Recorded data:

BEGIN

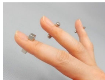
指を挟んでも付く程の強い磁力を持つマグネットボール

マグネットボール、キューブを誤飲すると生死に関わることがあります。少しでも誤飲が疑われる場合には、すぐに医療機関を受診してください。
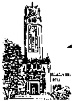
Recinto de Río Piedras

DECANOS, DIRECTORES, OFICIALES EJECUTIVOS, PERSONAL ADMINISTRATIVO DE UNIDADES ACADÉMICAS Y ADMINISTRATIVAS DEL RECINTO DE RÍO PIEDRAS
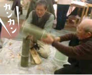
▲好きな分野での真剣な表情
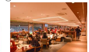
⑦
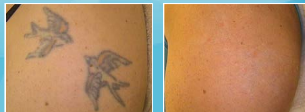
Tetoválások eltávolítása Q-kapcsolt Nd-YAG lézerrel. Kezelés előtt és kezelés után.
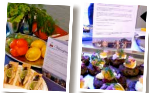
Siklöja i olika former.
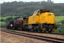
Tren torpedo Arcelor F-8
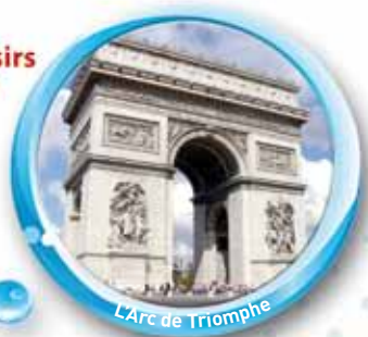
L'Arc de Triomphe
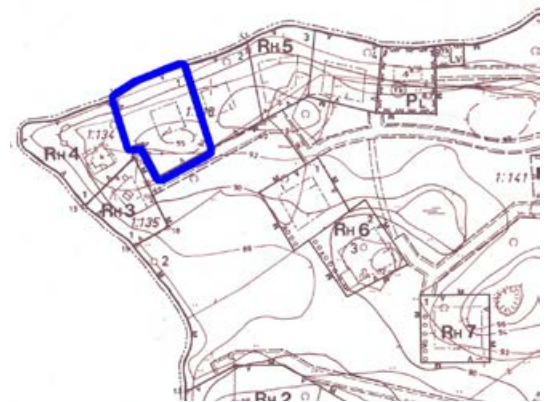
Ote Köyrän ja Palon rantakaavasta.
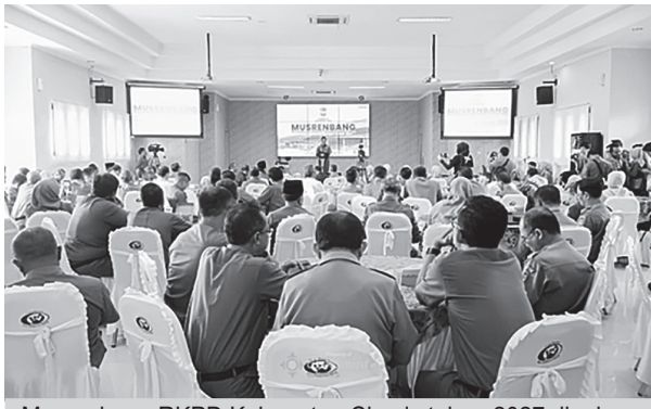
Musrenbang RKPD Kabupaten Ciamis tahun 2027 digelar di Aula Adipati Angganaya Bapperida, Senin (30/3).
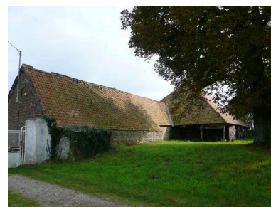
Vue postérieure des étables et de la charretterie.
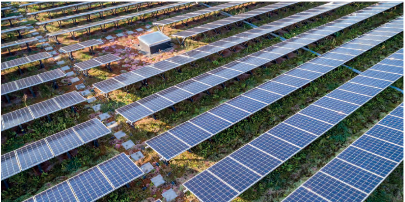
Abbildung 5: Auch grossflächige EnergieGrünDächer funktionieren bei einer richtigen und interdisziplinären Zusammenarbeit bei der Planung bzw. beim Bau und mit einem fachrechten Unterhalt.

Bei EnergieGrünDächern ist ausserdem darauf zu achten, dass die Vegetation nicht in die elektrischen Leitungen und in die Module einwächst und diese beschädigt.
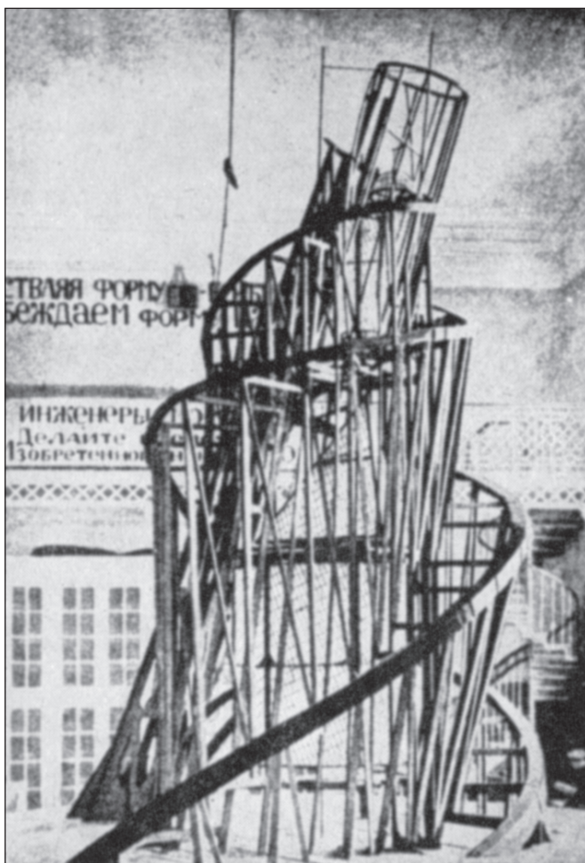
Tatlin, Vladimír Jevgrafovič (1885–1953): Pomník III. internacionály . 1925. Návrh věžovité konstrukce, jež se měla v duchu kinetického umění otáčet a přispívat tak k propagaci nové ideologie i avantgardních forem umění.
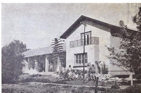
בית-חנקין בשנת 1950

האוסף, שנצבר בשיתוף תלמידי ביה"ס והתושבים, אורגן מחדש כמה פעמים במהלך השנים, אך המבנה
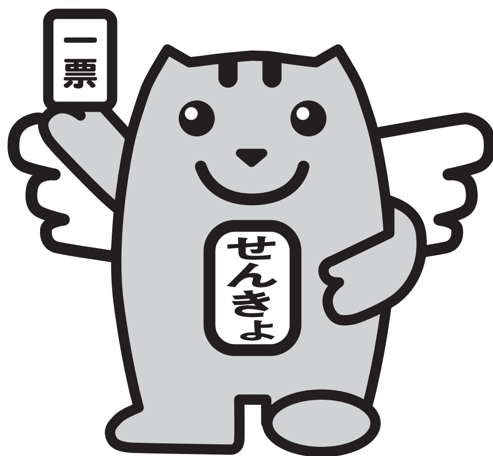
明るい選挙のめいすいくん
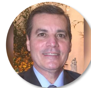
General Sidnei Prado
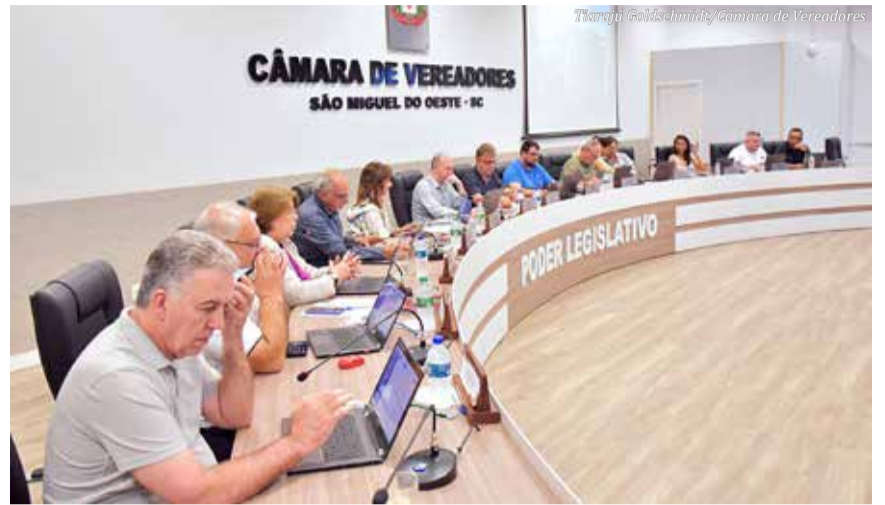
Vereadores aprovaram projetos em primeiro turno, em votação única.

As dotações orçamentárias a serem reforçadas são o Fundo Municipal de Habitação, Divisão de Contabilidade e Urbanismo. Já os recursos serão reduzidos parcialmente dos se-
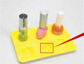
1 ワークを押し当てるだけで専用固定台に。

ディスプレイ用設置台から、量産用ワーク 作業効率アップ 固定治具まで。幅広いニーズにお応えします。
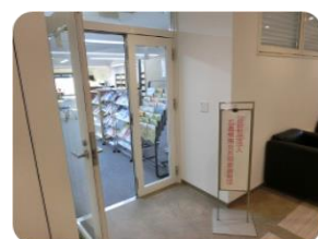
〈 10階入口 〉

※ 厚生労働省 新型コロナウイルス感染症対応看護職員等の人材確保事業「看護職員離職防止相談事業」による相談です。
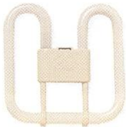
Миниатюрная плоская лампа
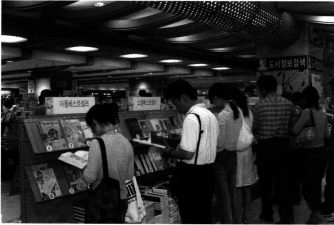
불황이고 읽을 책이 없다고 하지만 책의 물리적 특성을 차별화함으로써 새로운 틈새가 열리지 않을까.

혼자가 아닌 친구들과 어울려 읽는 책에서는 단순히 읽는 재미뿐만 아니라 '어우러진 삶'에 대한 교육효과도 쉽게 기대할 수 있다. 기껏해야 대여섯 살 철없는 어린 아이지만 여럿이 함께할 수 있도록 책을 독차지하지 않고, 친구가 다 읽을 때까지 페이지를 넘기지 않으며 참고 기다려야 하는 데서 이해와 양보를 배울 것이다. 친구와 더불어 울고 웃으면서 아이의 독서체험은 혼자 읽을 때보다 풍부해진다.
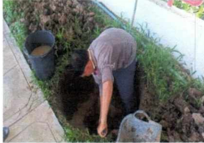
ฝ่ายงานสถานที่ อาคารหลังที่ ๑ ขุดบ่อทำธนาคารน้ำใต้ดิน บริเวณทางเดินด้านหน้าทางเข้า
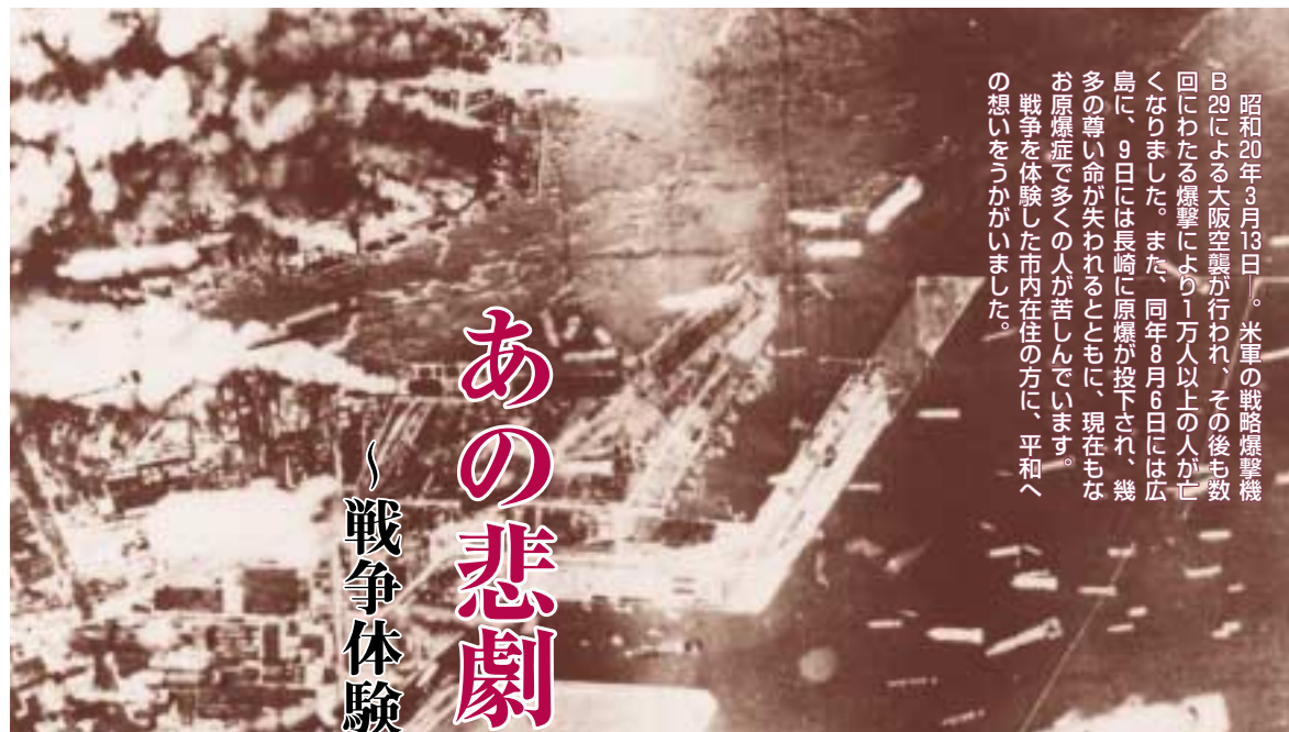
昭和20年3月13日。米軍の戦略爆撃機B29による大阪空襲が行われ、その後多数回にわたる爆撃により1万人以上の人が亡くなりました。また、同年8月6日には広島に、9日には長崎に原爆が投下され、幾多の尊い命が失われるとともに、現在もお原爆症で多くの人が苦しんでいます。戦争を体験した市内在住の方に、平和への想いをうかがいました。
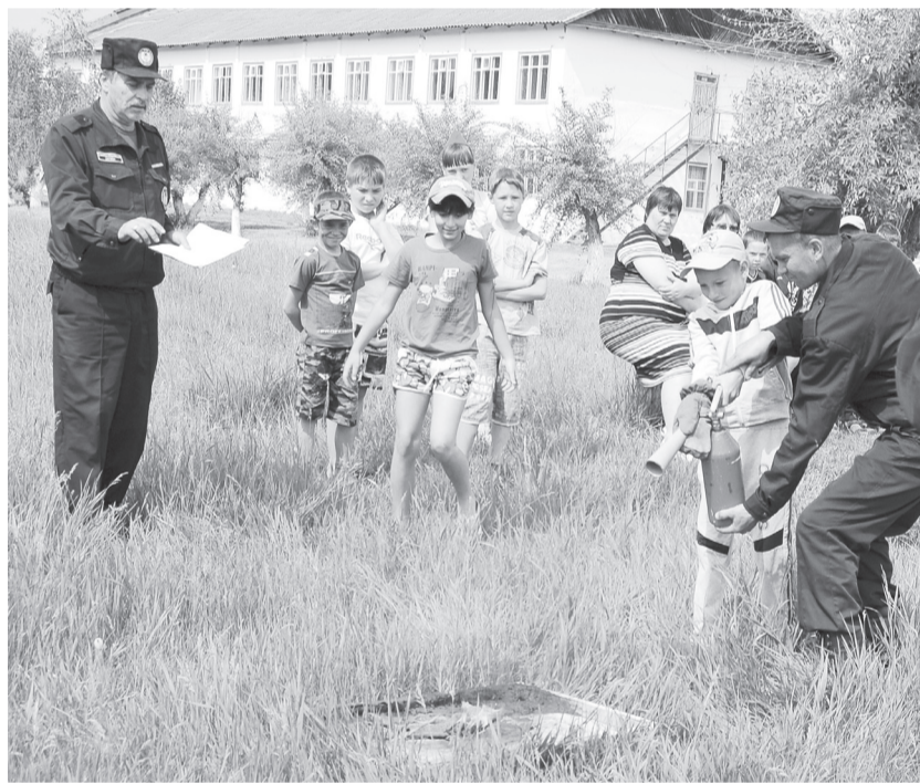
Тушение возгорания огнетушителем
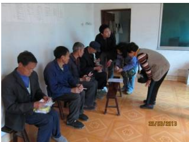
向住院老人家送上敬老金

END

§ Try it
Repeat, word for word and with no pictures, only the lines running from the beginning of the data to the line that contains "Musrenbang RKPD Kabupaten".

§ Reply
指を挟んでも付く程の強い磁力を持つマグネットボール

マグネットボール、キューブを誤飲すると生死に関わることがあります。少しでも誤飲が疑われる場合には、すぐに医療機関を受診してください。
Recinto de Río Piedras

DECANOS, DIRECTORES, OFICIALES EJECUTIVOS, PERSONAL ADMINISTRATIVO DE UNIDADES ACADÉMICAS Y ADMINISTRATIVAS DEL RECINTO DE RÍO PIEDRAS
▲好きな分野での真剣な表情
⑦
Tetoválások eltávolítása Q-kapcsolt Nd-YAG lézerrel. Kezelés előtt és kezelés után.
Siklöja i olika former.
Tren torpedo Arcelor F-8
L'Arc de Triomphe
Ote Köyrän ja Palon rantakaavasta.
Musrenbang RKPD Kabupaten Ciamis tahun 2027 digelar di Aula Adipati Angganaya Bapperida, Senin (30/3).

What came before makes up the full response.